Simple, but potent

Submitted by AWL on 26 February, 2020 - 10:43 Author: Dan Rawnsley
Janine Booth's book Fighting Tories: The Force Awakens

I continue to enjoy Janine Booth’s poetry for its humanity. Her latest collection Fighting Tories: The Force Awakens (order online, £5, here) develops compelling political ideas out of personal experiences and observations.

Janine is good at moving from the specific to the abstract and can make a political point without losing her audience or becoming too didactic.

This Place is a great example. Drawing on Janine’s visits to one of her sons in hospital, it is both moving on a personal level and an understated but blistering attack on the lack of support over-stretched councils and the NHS are providing. A couple of lines towards the end put the point plainly and personally in a way that seems absolutely withering to me.
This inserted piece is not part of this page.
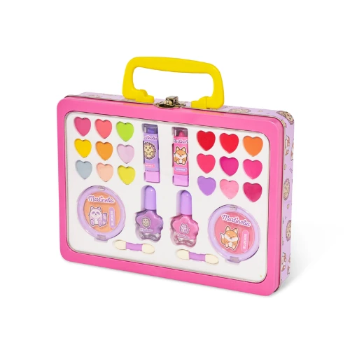 9 Eyeshadows, 9 Lip Glosses, 2 Lipsticks, 2 Nail Polishes, 2 Blushes, 2 Applicators

Other poems draw out discussions and arguments on the left. Rootless Cosmopolitan begins with the life of Janine’s great grandfather Edward, “stitching boots / digging roots” and rises to a defence of all who have “travelled…can’t be trusted”, who “don’t count as a native / mixed-up, exotic / not so patriotic”.

Again, by rooting the poem in personal experience, this writing bring lofty and evasive arguments about who belongs back to the lives of real people. Labour Heartlands follows some of the same concerns about our labour movement developing a false opposition between progressive politics and working-class votes.

A Tale of Two Cities, written in response to the Grenfell Tower fire, exemplifies one of the themes running through the book.

Several poems are concerned with the victims and survivors of austerity. Simple, but potent, lines like “People die like this / when people live like this” pull a long poem, covering many examples of inhumanity, greed and inequality, into sharp political focus.

Hackney Gardens mourns the cutting of public services in a similar vein and Unlucky Number rages against the increasingly small number of rich people whose wealth is greater than the poorest half of the population. I really enjoyed Not OK, taking to task a poster that reads “It’s OK to not be OK” and arguing that lots of people not being OK is symptomatic of a much wider problem with “those who rule us and could not care less”.

Janine seems to enjoy exploring quite rigid forms and seeing what she can get out of them. Fighting Tories features several pantoums, where some lines are repeated in subsequent verses, but in different orders. Janine manages to create different effects out of this repetitive device.

Planet Pantoum evokes feelings of repeating slogans in the climate movement that fall on the deaf ears of politicians and capitalists whose short-term interests don’t align with saving the planet. The poem resolves itself in a final, angry “We need a revolution / Bring the City to a standstill”.

This Place uses the form to create a feeling of wistfulness, even a hint of mourning and a sense of family life having been paused in a way that is cruel and preventable.

Fighting Tories is touching, funny and stokes a feeling of justified rage at the government, the rich, and their assault on our society.